I have used my Radial Arm Saw as an over top router… A number of the older RAS's had a collate for a router bit on the motor.

The RPM's aret as fast as a large router but for using as a pin router or detail work the RAS router can handle it with no problem… With the RAS you all ready have the ability to easily raise and lower the bit by cranking the handle, you have the sliding arm, and you can turn the motor at different angles very easy. I know this attachment was not very popular but I think a lot of people would be surprised how useful it can be.


----------



## DMIHOMECENTER

@KenBee, My thinking exactly…


----------



## 33706

Gee, doesn't anybody own/use an 'Onsrud Pin Router' anymore? They were the greatest. Like this:


----------



## Roger Clark aka Rex

OK, so here's some machines from Grizzly:
http://www.grizzly.com/products/Bench-Top-Overarm-Router/G0587
http://www.grizzly.com/products/Overarm-High-Speed-Router/G8030
http://www.grizzly.com/products/5-HP-Overarm-Router-2-Speed-3-Phase/G9981
They are currently available.


----------



## KenBee

Roger Clark aka Rex….Those are fine but look at the cost. With what I have on hand and the parts I need to build one I could have one that does the same thing as the high cost ones for around $30.00 or less. It is the same with woodworking jigs & plans, show me a picture and I will build it without spending money on a plan. The measurements may not be the same, but the outcome will look the same.
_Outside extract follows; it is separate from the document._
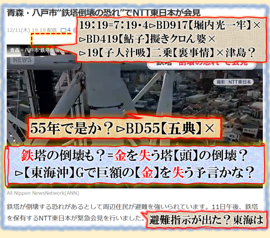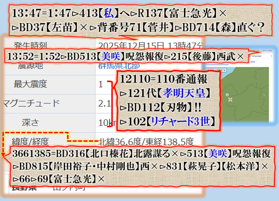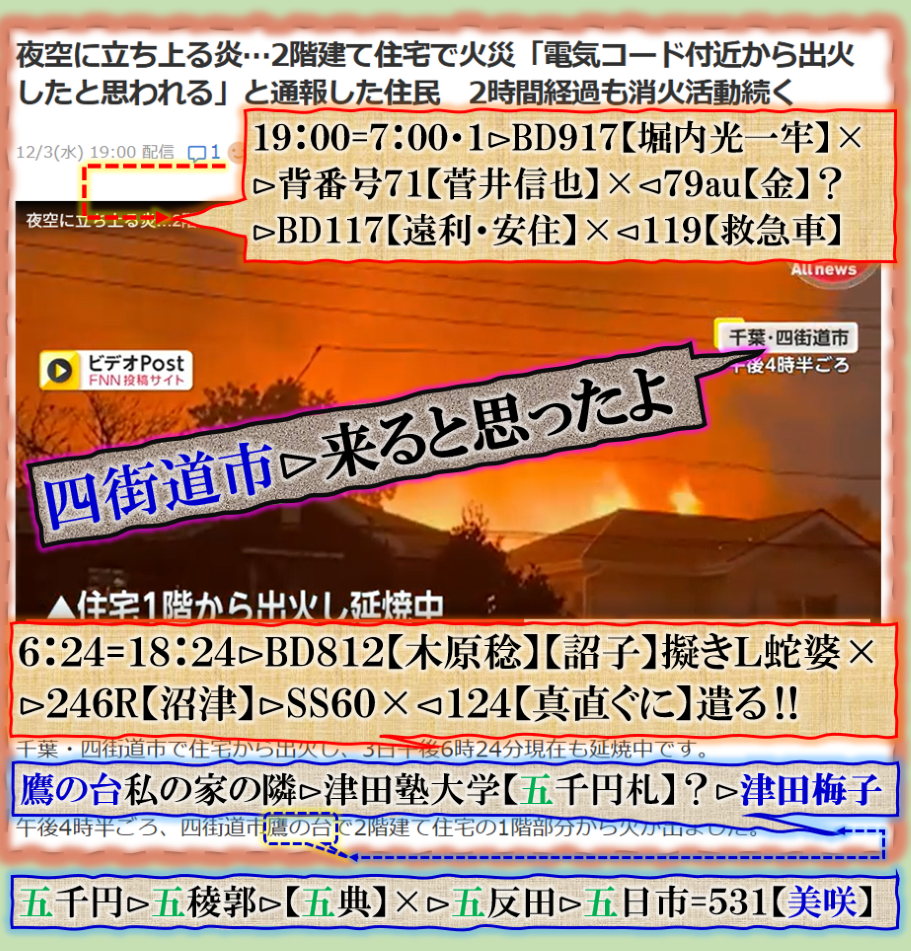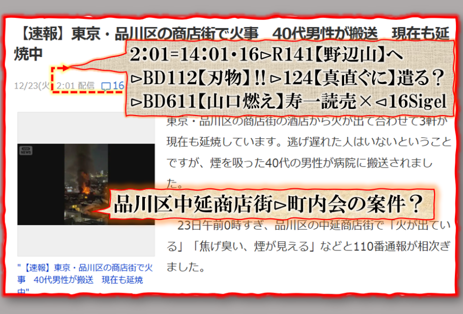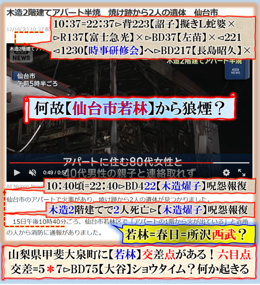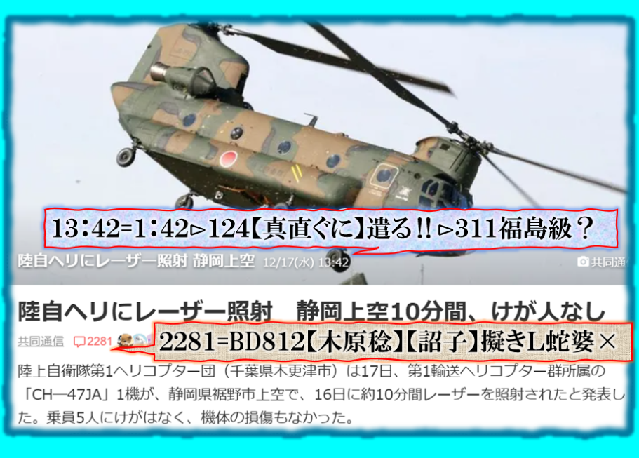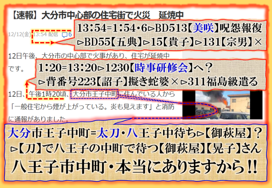 2件同日発生の目的は?⊳恐らくだが【広島文鳥】と【大分源田】&【八王子萩晃子】さんにベクトルが】効かせてありますよね❓私の見方ではそうなる訳です、普通の人には絶対にそうは見えませんが、是は間違いなさそうです、何れ身辺に何か起きる筈ですよ。其れだけでは無いと思います、その他は【暗号化】で更に深くメッセージが込められている様子です、その分野は皆様には絶対に読めません。 sy

The type of wood may be different than pictured but then again how many woodworkers always use the same exact wood called for in a plan?


----------



## DMIHOMECENTER

Those are cool indeed, but with a spread of $655 to nearly $4000, I think the jig is in the future for my cheap derriere.


----------



## Roger Clark aka Rex

Quite agree with you guys about the cost.The ones I pointed out are for production work.
The handmade ones you envision will work very well for lighter usage, just follow the MLCS and Veritas models, they are simple machines. The hardest part I think will be the "bit jack" which allows you, by foot pedal to increase the depth of cut for each pass (if it is required). Anyone with a router lift will find that easy to do.
If you will need to purchase parts to make one, you may want to compare your part costs to the MLCS. which is really inexpensive.


----------



## Roger Clark aka Rex

Heads up:
MLCS has the daisy pin router on sale plus for $48, includes spiral bit and template.

*HOLIDAY SPECIAL! Get the Daisy Pin Router plus a FREE Oval Mirror Template and a 1/4" HSS spiral router bit. Save $46!*


----------



## DMIHOMECENTER

Good deal ! How you do dat, Rex ? ;=)

Still gonna build the other one, too.


----------



## Roger Clark aka Rex

David----Magic


----------